Aim. Sepsis remains the leading cause of mortality in spite of advanced diagnostics. The aim of the study was to test the diagnostic value of soluble triggering receptor expressed on myeloid cells-1 (sTREM-1) in the context of a new definition of sepsis.

Methods. The study was conducted on 41 patients who were suspected of having sepsis according to SIRS (Systemic Inflammatory Response Syndrome) criteria or sterile SIRS. 20 healthy volunteer blood donors were the control group (adult patients of both sexes). According to the latest sepsis criteria (Sepsis-3), patients were retrospectively divided into three subgroups: septic patients, patients with SIRS plus infection and patients with sterile SIRS (non-infectious SIRS).
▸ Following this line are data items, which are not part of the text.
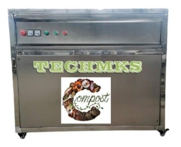 Stainless steel composting machine with 25-50 kg/day organic waste capacity. Features 220V, 50Hz, 3.5kW energy consumption, and automatic operation. Requires 2x2x3 mtr space.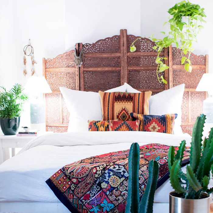 DuBoise解释说,卧室是在塞多纳/沙漠女孩在她照过。“这是摩洛哥满足塞多纳,”她说的空间。“我从简陋的别致漂亮的床单被褥,然后把我最喜欢的顶级生活毯藏树。该蒲团把房间休息悠闲的氛围,我很喜欢,而且布拉德,我的设计师,大对引进植物成每个单间“。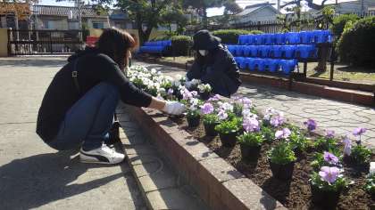 本日PTA緑化委員の方々が、前庭にパンジーの花を植えてくださいました。

All subjects had concentrations of sTREM-1 determined by the ELISA method (Abcam commercial test, Cambridge, MA, USA). Samples were collected upon admission to hospital and kept at -20°C until laboratory analysis was performed.

Results. Concentrations of sTREM-1 were significantly increased in patients, compared to the healthy population (p=0.021), but there were no significant differences among subgroups of patients (SIRS plus infection vs. sepsis p=0.871, SIRS plus infection vs. sterile SIRS p=0.72, sepsis vs. sterile SIRS p=0.65).

The value of 300pg/mL was determined to be the optimal cut-off. Concentrations of sTREM-1 were significantly higher in septic patients who did not develop Multiple Organ Dysfunction Syndrome (MODS) within the first 48 hours after admission than in those who did.

Conclusion. According to our results, sTREM-1 failed to express significance as a diagnostic biomarker of sepsis, according to the new definition. Also, it seems not to be a valuable marker in differentiation of sepsis and non-infective SIRS.